Archade is the professional network for the built world. Structured data is exported from the knowledge graph for research and tools, under clear terms and with attribution requirements. This page explains how to access the dataset APIs, what rate limits apply, how API keys work, and how to use different formats.
Base URLs
All dataset APIs follow this pattern:
https://archade.com/api/datasets/{entity}.jsonld
Entities: projects, companies, people, software, institutions, products, jobs, media-intel, relationships, experience, education, company-reviews, entity-reviews, posts
Embeddings: embeddings — requires Commercial or Enterprise API key (returns 401 without)
Example:
https://archade.com/api/datasets/projects.jsonld
Query parameters
| Parameter | Description | Default |
|---|---|---|
limit | Max number of entities to return | 100 (without API key), 1,000+ (with key) |
format | Output format: jsonld, json, csv | jsonld |
api_key | Your API key (alternative to header) | — |
Examples:
/api/datasets/projects.jsonld?limit=50
/api/datasets/projects.jsonld?limit=50&format=csv
/api/datasets/companies.jsonld?format=json
Authentication: API key
For higher limits and rate limits, use an API key.
How to get an API key
- Log in to Archade
- Go to Dashboard → Profile → API Keys
- Click Create API Key
- Give it a name, choose a tier (Research, Commercial, or Enterprise)
- Copy the key immediately — you won't see it again
How to use your API key
Option 1: Header (recommended)
X-API-Key: archade_live_abc123...
Option 2: Query parameter
/api/datasets/projects.jsonld?api_key=archade_live_abc123...
Example with curl:
curl -H "X-API-Key: your_key_here" \
"https://archade.com/api/datasets/projects.jsonld?limit=500"
Rate limits
Rate limits depend on whether you use an API key and which tier it has:
| Tier | Requests/minute | Max entities/request | Who |
|---|---|---|---|
| Unauthenticated | 10 | 100 | No API key |
| Research | 30 | 1,000 | API key (Research tier) |
| Commercial | 100 | 10,000 | API key (Commercial tier) |
| Enterprise | 500 | 100,000 | API key (Enterprise tier) |
Response headers (when available):
X-RateLimit-Limit— Your limit per minuteX-RateLimit-Remaining— Requests left in current windowX-RateLimit-Reset— Unix timestamp when the window resetsX-RateLimit-Tier— Your current tierRetry-After— Seconds to wait (when rate limited)

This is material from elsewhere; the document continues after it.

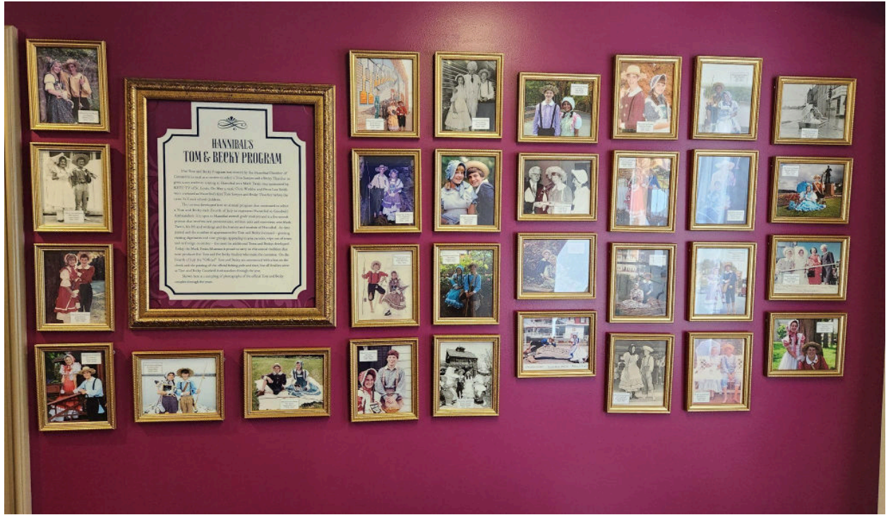
Each year, Tom Sawyer and Becky Thatcher return to the streets of Hannibal, as goodwill ambassadors who welcome visitors, bringing history and Twain's fiction to life.
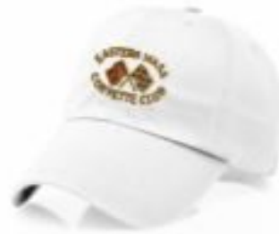
Richardson White Cap

If you exceed the limit: You'll receive 429 Too Many Requests with a Retry-After header. Slow down and retry after the indicated time.
Per-endpoint tracking: Rate limits are tracked per endpoint, meaning requests to /api/datasets/projects.jsonld and /api/datasets/companies.jsonld are counted separately.
Formats
| Format | Query | Content-Type | Use case |
|---|---|---|---|
| JSON-LD | ?format=jsonld (default) | application/ld+json | Schema.org, AI, semantic web |
| JSON | ?format=json | application/json | Same structure, no @context |
| CSV | ?format=csv | text/csv | Spreadsheets, analysis |
| Parquet | ?format=parquet | application/octet-stream | Columnar format for analytics |
CSV notes:
- Nested objects are flattened (e.g.
address.city) - Arrays are joined with
; - Filename includes the date (e.g.
archade-projects-2026-02-01.csv)
Access tiers explained
Research
- Who: Academics, students, non-commercial use
- Limit: 1,000 entities per request, 30 req/min
- How: Create API key, select Research tier
- Cost: Free (contact us for formal research agreements)
Commercial
- Who: Companies building products, tools, or analytics
- Limit: 10,000 entities per request, 100 req/min
- How: Create API key, select Commercial tier
- Cost: Contact legal@archade.app for pricing
Enterprise
- Who: Large-scale use, AI training, custom SLAs
- Limit: 100,000 entities per request, 500 req/min
- How: Contact legal@archade.app for a custom agreement
- Cost: Custom pricing
Note: API keys are per user, not per company. Dataset API access is not included in company subscription tiers (e.g. COMPANY_UNLIMITED). Enterprise agreements may include company-wide keys, dedicated support, and custom terms. Contact us to discuss.
CRUD: Read-only
Dataset APIs are read-only. There is no Create, Update, or Delete. You can only read data. To contribute data, use the Archade platform (profiles, projects, companies, etc.). Dataset APIs exist for researchers and downstream consumers, not for data ingestion.
Pricing and payment
| Tier | Included in company plan? | Payment |
|---|---|---|
| Research | No | Free |
| Commercial | No | Contact legal@archade.app for pricing |
| Enterprise | No (custom agreements may differ) | Contact for quote |
Payment integration: Commercial and Enterprise tiers are handled via direct agreement. No self-serve checkout for dataset API access. Contact legal@archade.app.
Response structure
JSON-LD / JSON:
{
"@context": "https://schema.org",
"@type": "Dataset",
"name": "Archade Projects Dataset",
"url": "https://archade.com/api/datasets/projects.jsonld",
"numberOfItems": 50,
"dateModified": "2026-02-01T...",
"@graph": [ /* array of Schema.org entities */ ]
}
Each entity in @graph follows Schema.org types (e.g. CreativeWork for projects, Organization for companies).
Errors
| Status | Meaning |
|---|---|
| 200 | Success |
| 401 | API key required (Embeddings dataset only; Commercial/Enterprise tier) |
| 403 | Access denied — automated scraping detected, or blocked User-Agent |
| 429 | Rate limit exceeded — slow down, check Retry-After |
| 500 | Server error — try again later |
401 — The Embeddings dataset requires a Commercial or Enterprise API key. Research-tier keys do not grant access.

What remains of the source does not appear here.